我想在列CHROM中缺少的地方追加字符串chr。我可以在R中用greplpaste来做这件事,但我想在Python中尝试一下。我想出了这两个命令,但不确定如何对列进行索引,因为pd.Series正在生成NAN。

pd.Series(all_cancers['CHROM']).str.contains(pat = 'chr', regex = True)
"chr" + all_cancers['CHROM'].map(str)
z8dt9xmd

z8dt9xmd1#

Pandas中的字符串操作没有经过优化,所以做你想做的事情的最好方法是通过列表理解。


# check if a value contains 'chr' and prepend it if not

all_cancers['CHROM'] = [x if isinstance(x, str) and 'chr' in x else f"chr{x}" for x in all_cancers['CHROM'].tolist()]

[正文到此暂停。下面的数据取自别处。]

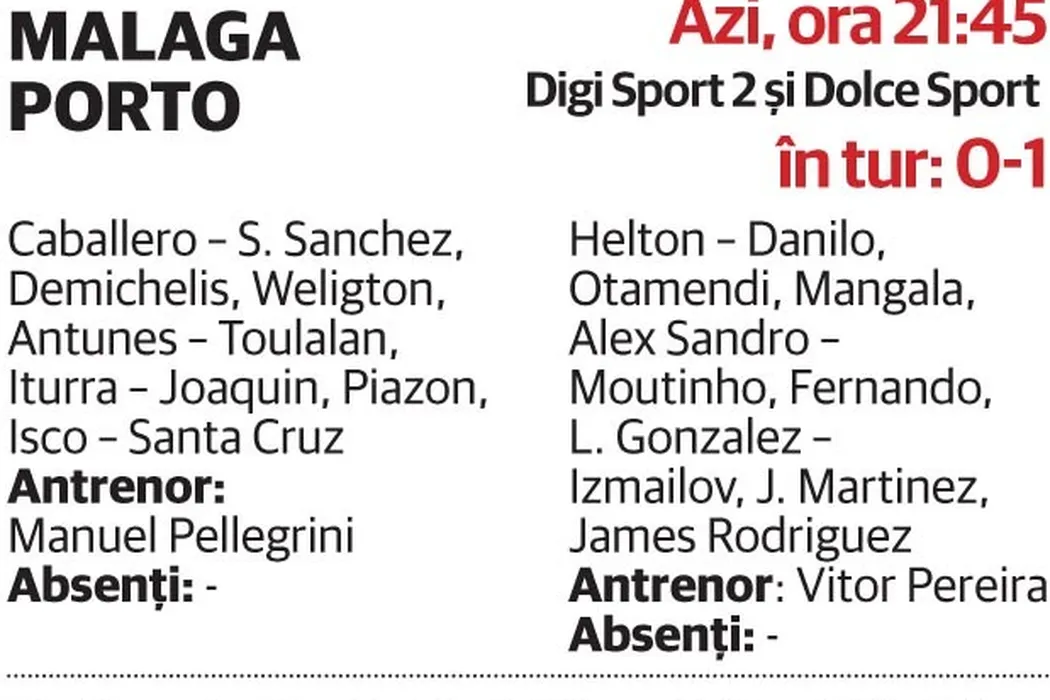 Optimi de finală UCL:** Malaga – Porto 2-0! Spaniolii se califică în sferturile de finală

同样的Pandas手术可以通过mask()方法进行。


# flag rows that starts with 'chr' and prepend 'chr' to values in the remaining rows

all_cancers['CHROM'] = all_cancers['CHROM'].mask(~all_cancers['CHROM'].str.startswith('chr', na=False), 'chr'+all_cancers['CHROM'].astype(str))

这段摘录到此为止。